When you broke me I thought that was it; that I could live with half the pieces missing. I tried not to notice that my heart beat a little slower, and my blood coursed a little cooler. I tried not to notice that my face forgot how to smile, and my eyes forgot how to shine.
When you broke me I thought I would be ok; with only bits of me to remember. Even though tears seemed closer than laughter, and the sun never did shine when I was around. Even though my fingers ached from a feeling of loneliness and emptiness.
When you broke me I thought it was a beginning; and all beginnings were better with pain. I forgot about happiness and contentment, instead I only knew sadness and regret. I forgot about stepping forward, and could only find myself falling backwards.

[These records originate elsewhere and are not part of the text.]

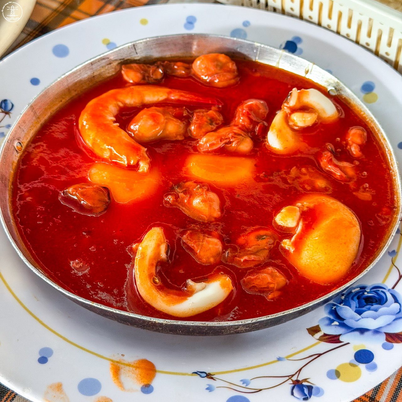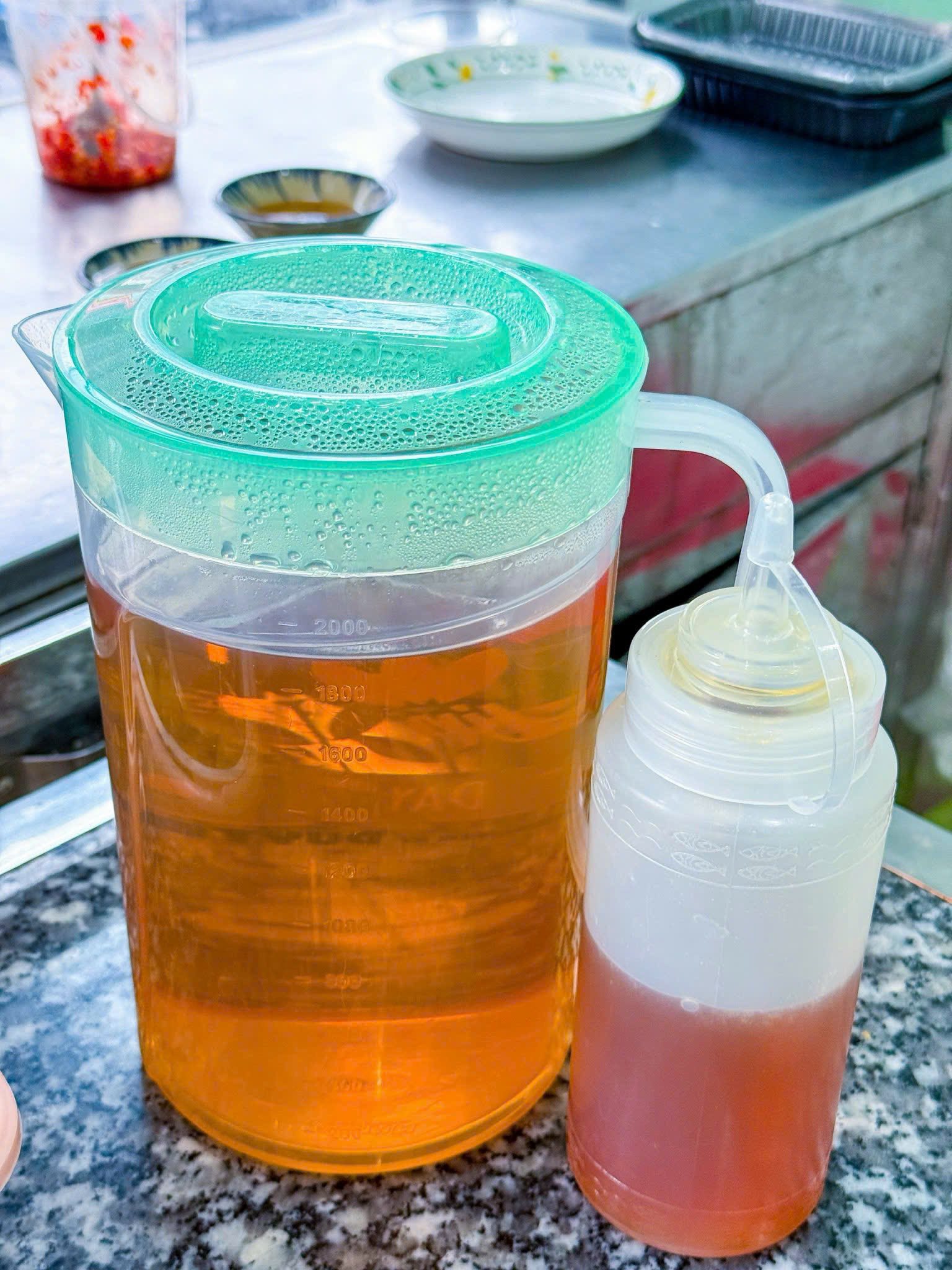 Điểm cộng nhất của quán chính là nước dùng bún riêu. Nước được xay và nấu từ tôm tích cùng cua biển tươi nguyên con, nên vị ngọt lên rất tự nhiên, thanh, không gắt, không bột ngọt. Ăn một muỗng là thấy rõ mùi hải sản tươi, càng ăn càng cuốn.
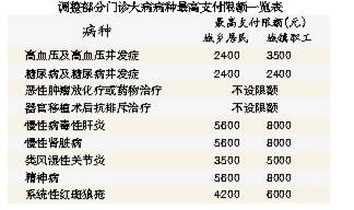 据介绍,此次将高血压和有并发症的高血压病合并为高血压及高血压并发症、糖尿病和有并发症的糖尿病合并为糖尿病及糖尿病并发症。调整高血压及其并发症、糖尿病及其并发症、恶性肿瘤放化疗、器官移植抗排异治疗、慢性病毒性肝炎、慢性肾脏病、类风湿性关节炎、精神病、系统性红斑狼疮等门诊大病病种最高支付限额。
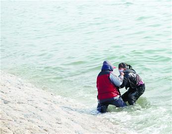 昨天下午1時左右,五四廣場海邊上演了驚險一幕,一名女子突然輕生跳海,正在一邊拉生意的攝影師付守庫來不及脫下身上厚厚的棉衣,直接跳到冰冷刺骨的海水里,將輕生女子托出水面,又在眾人的幫助下,將這名女子弄到了岸上。幸虧搶救及時,輕生女子并沒有生命危險,該女子被隨后趕到的民警帶走。記者了解到,這不是付守庫第一次救人,在五四廣場工作3年的時間里,已經救人4次。

When you broke me I was a ragdoll thrown away; no little child to claim me from the wreckage. And I knew it was all about my ineptness, my unwillingness to change for you. And I knew I could blame all the blackness on the fact I didn’t know how to catch the sun.
When you broke me I crumbled; but you didn’t notice cause you drifted far away. You never did look back as the river took you, like I was just an island worth forgetting. You never did stop and turn, like I was an emotion best left with all the rest of the ones you didn’t need.

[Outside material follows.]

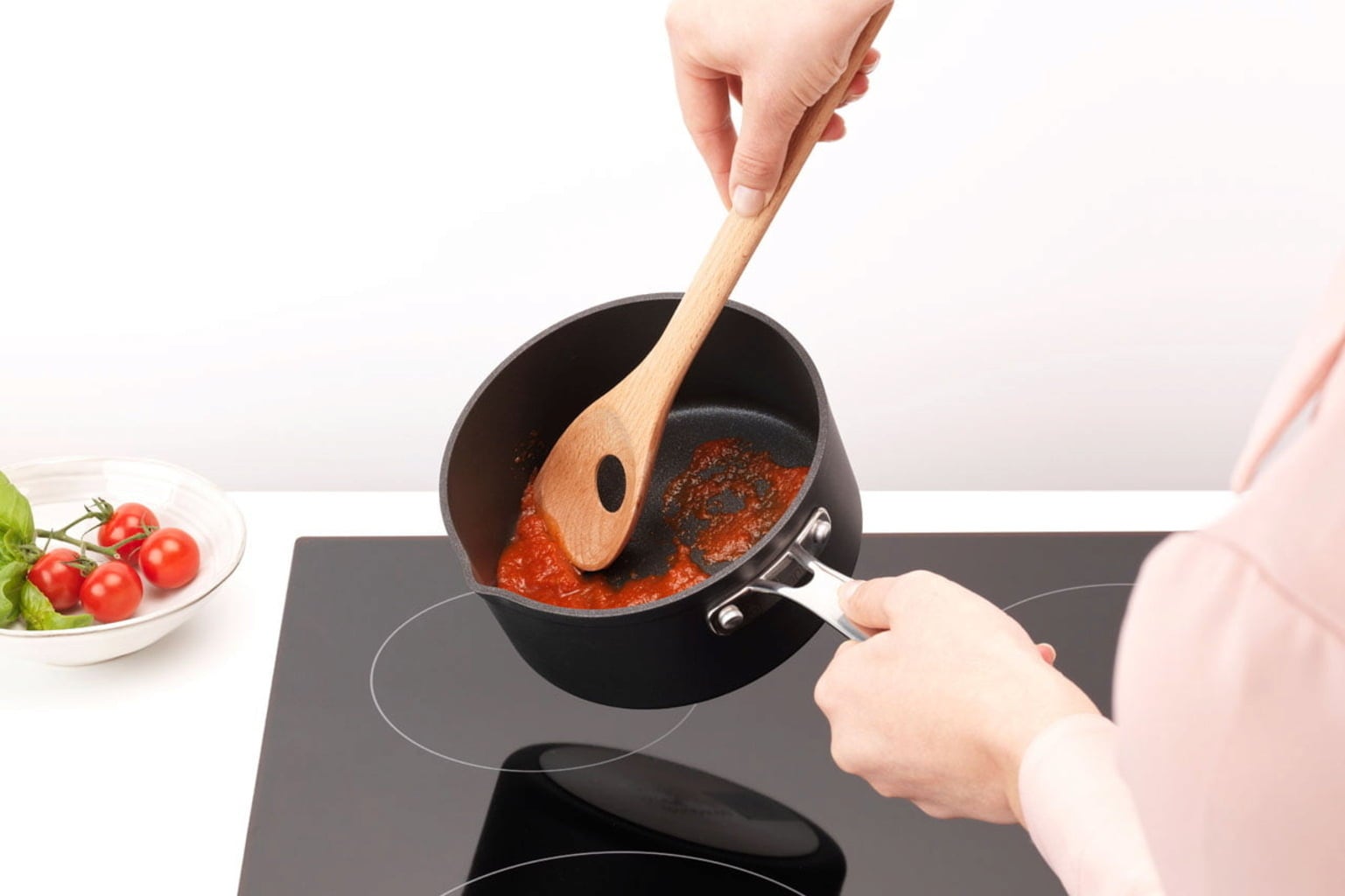 Deze lepel past in elke hoek van je kookgerei. Hij is ideaal om gemakkelijk sauzen en andere ingrediënten uit potten en pannen te scheppen, zonder krassen achter te laten.

But it happened, in a way, without me expecting it. I slowly began to glue myself back together, following the breadcrumbs I trailed behind me when I took your hand. Looking for the me that was whole, before you started chipping away at the bits you didn’t like. It took moments, ages, eternity, but there I was, shining perfect, me. And I pulled myself together, lifted myself up, dusted myself off and laughed; because I realized I was never really the one who was broken, it was always you that could never really fit yourself in to the puzzle that was me.